First-Generation Student Success
and Research Center

The You First at VCU, First-Generation Student Success and Research Center creates environments in which new empirical research is generated, tested and shared to create more equitable educational environments for first generation college students by addressing the social, academic, and financial barriers that prevent students from timely degree completion.

Through a grant from the Jesse Ball duPont Fund core components of the faculty engagement aspect of the You First Center have been established:

  • You First Faculty Fellow Program to offer fellowships to faculty who are motivated to advance the Center’s mission. Faculty fellows will play a leadership role in faculty development programming and serve as liaisons between the Center, departments, and faculty.
      
  • First Gen Ambassadors Program, a faculty learning community which will offer peer-led groups of faculty, staff, and graduate students a collaborative structure to provide encouragement, support and reflection on the teaching, learning, research, and developmental needs of faculty working to engage first generation students.

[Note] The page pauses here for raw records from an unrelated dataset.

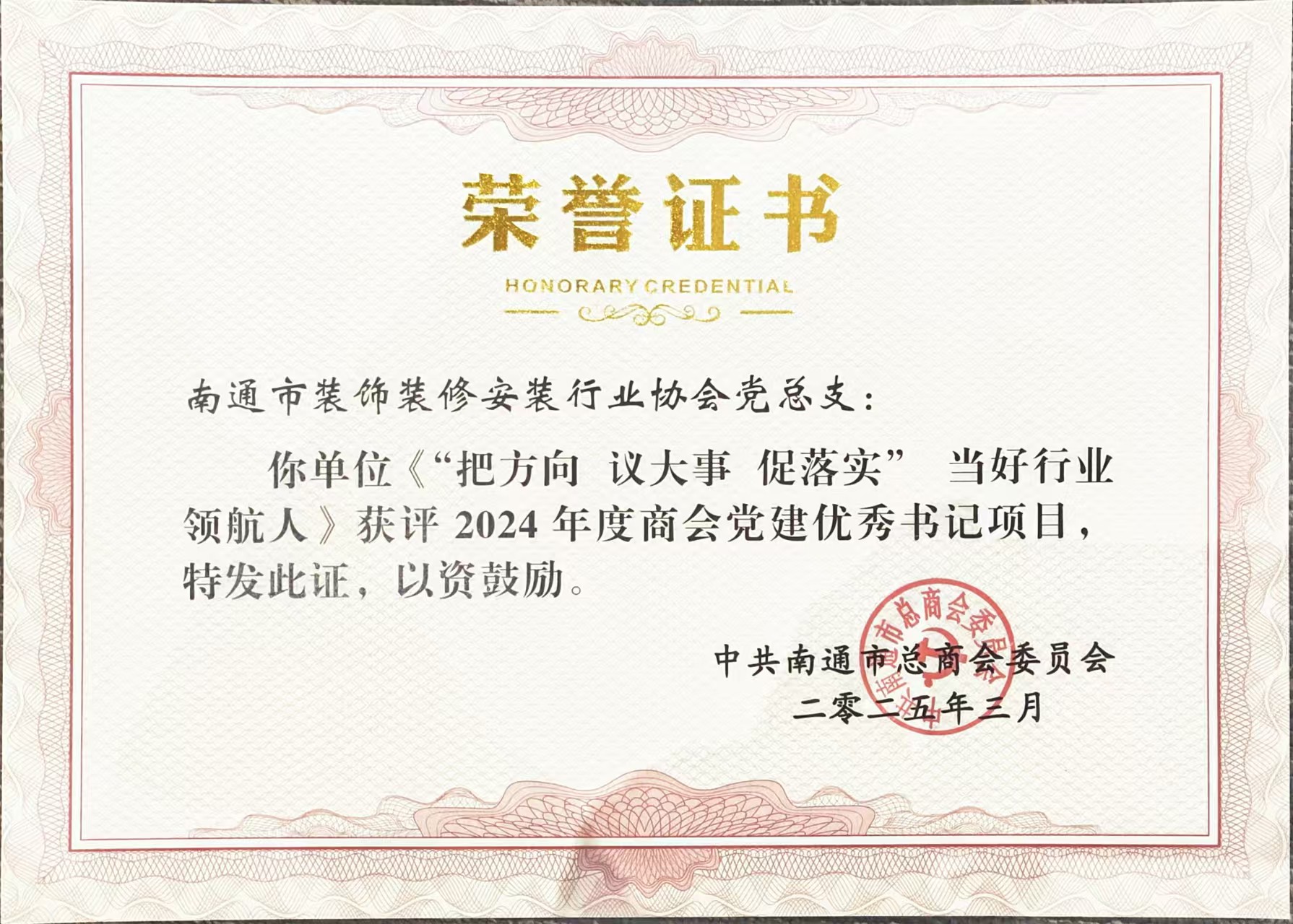 中共南通市裝飾裝修安裝行業協會黨總支被市總商會黨委表彰為先進基層黨組織;協會黨總支的“把方向 議大事 促落實 當好行業領航人”黨建書記項目被表彰為黨建優秀書記項目;南通市裝飾裝修安裝行業協會黨總支組織委員、第二支部書記、南通盛典瑞家裝飾設計有限公司總經理葛擁軍同志被表彰為優秀黨務工作者;江蘇帝豪裝飾股份有限公司總工程師袁玉蓮同志被表彰為優秀共產黨員。
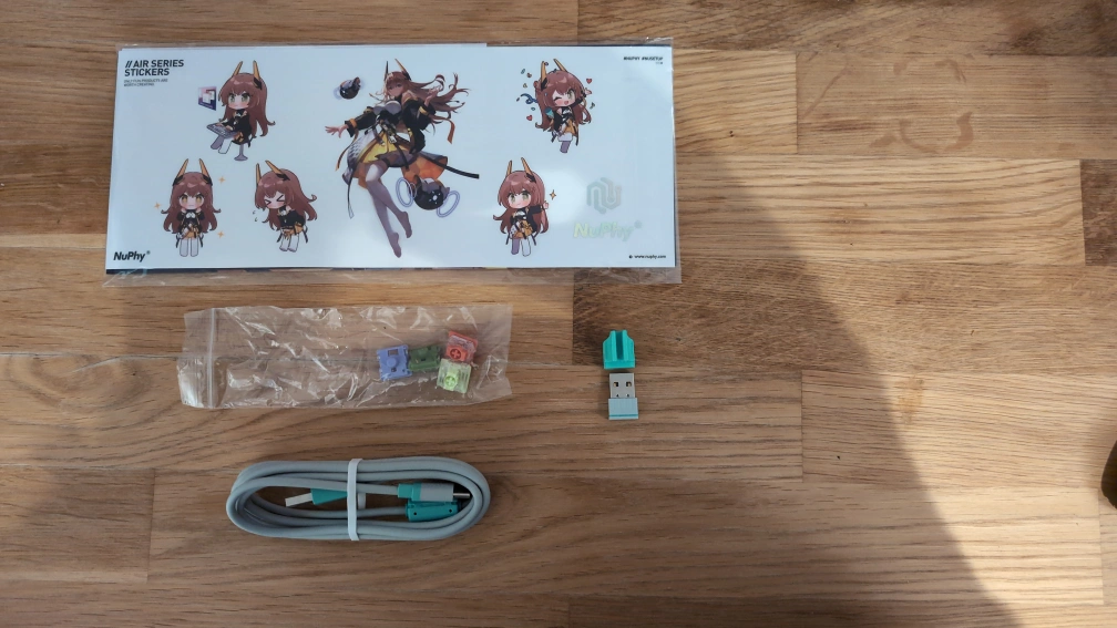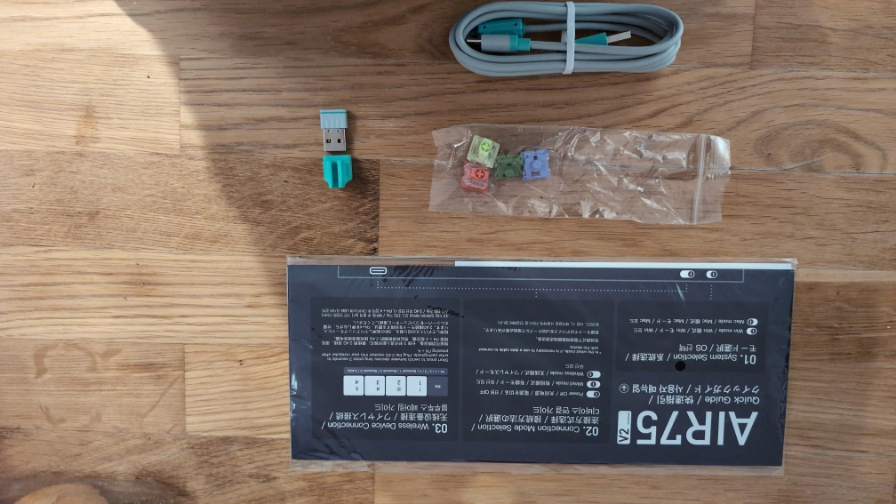 Nuphy Air75 V2 with 75% layout, white and grey, includes extra keycaps and cables, extra switches.. Bluetooth and USB-C connection are buggy and do not work well. Wired mode works flawlessly as well as all other functions. Comes with original accessories and packaging.
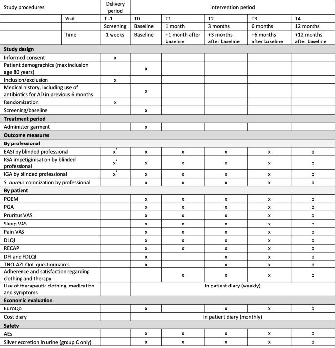 This study will also provide useful insights in the treatment of AD during a longer period. Data concerning the use of topical corticosteroids, adherence to the clothing, and use of other therapy will be available for analysis. In addition, the fact that both children and adults will participate from five centers across the Netherlands will provide us with data that can be used to compare age differences and treatment differences across a semi-national level. In addition, this trial will be the first trial to monitor the safety of textiles with silver in patients with the abnormal skin barrier.
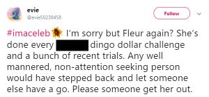 One person wrote: “No way did Fleur do another bushtucker trial last night, becoming a joke how much air time this girl wants, hungry for fame.”
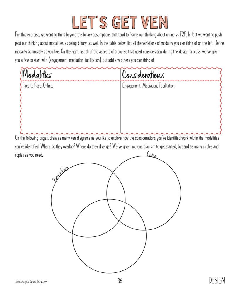 In this activity, you will diagram how different pedagogical considerations are reflected in different modalities. Use the ven diagram construct to visualize where these considerations differ and where they overlap.
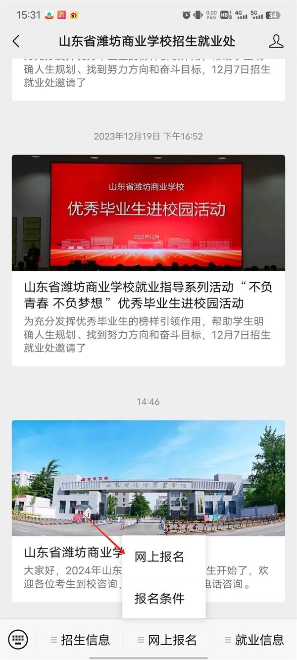有意向報名的考生可以通過我們招生就業(yè)處公眾號填報,現(xiàn)在報名的目的,是后期我們會根據(jù)考生所報的層次和專業(yè),在濰坊市教育局通知統(tǒng)一填報志愿時給予幫助指導(dǎo),考生報名自愿。所以考生均以教育局指定網(wǎng)站報志愿為準(zhǔn)!
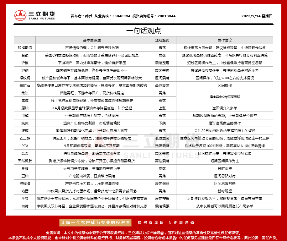 三立期货9月13日沪金、沪银、原油、有色金属等期货操作建议
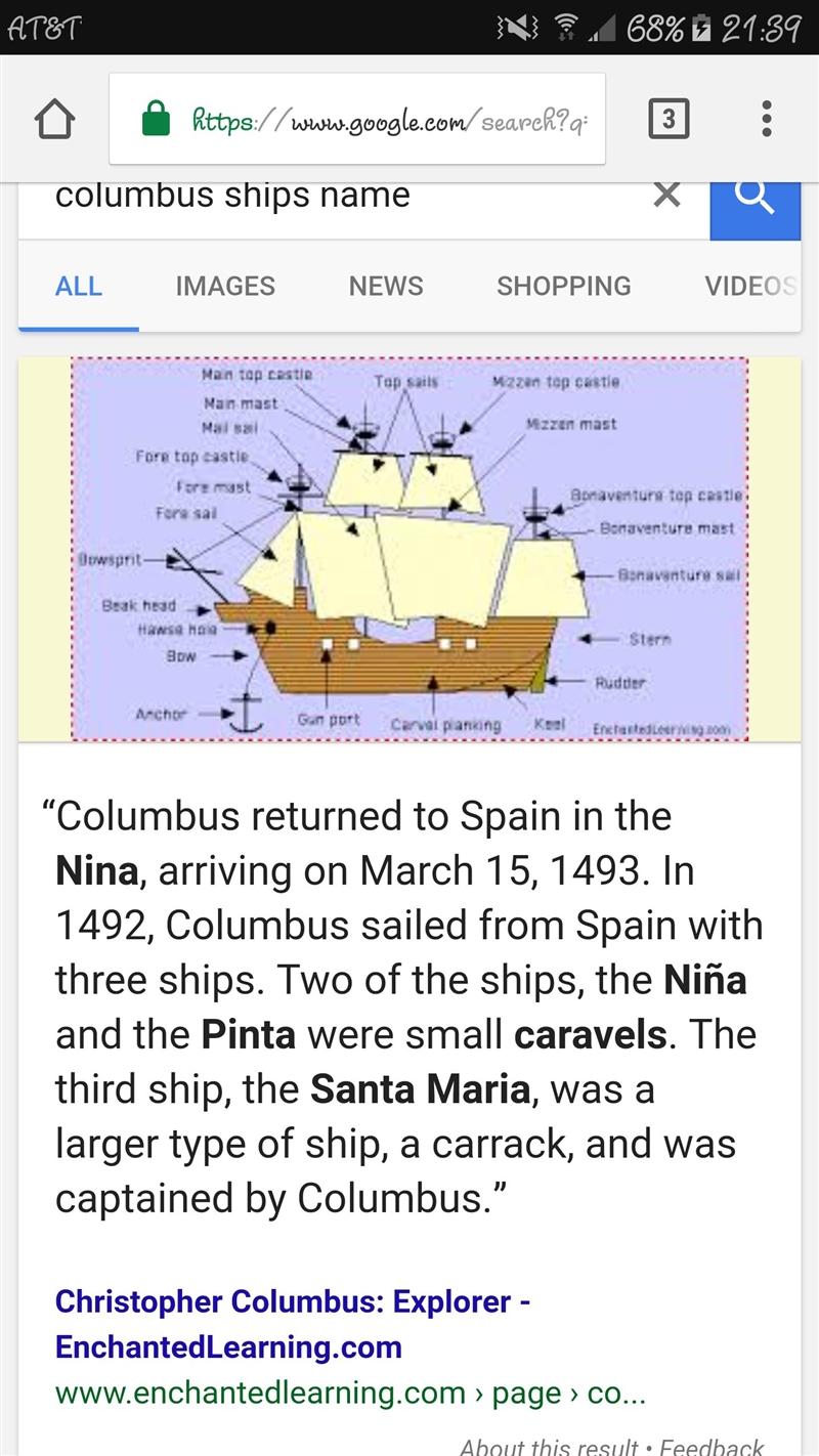 Which of the following was NOT one of the ships in Columbus's voyage? * Santa Maria Nina Tierra Pinta

  • First-Generation Research Grants to faculty and students who are interested in engaging in research to explore various facets of student success, which hold important implications for first-generation student success.

  • Faculty development opportunities will also be sponsored by the You First Center with specific focus on innovative approaches to teaching and learning.

 

This Year's Faculty Fellow

Edmund Acevedo, Ph.D., FACSM
Dr. Acevedo is a Hispanic first-generation college graduate, and a professor in the department of Kinesiology and Health Sciences. His primary research focus is on the impact of stress and fitness level on an individual’s health. He has examined the effects of concurrent mental and physical challenges on cardiorespiratory responses, and indicators of inflammation and endothelial wall function. More recently, his research group has conducted a number of research projects focused on telomere length, a biological marker of cellular age.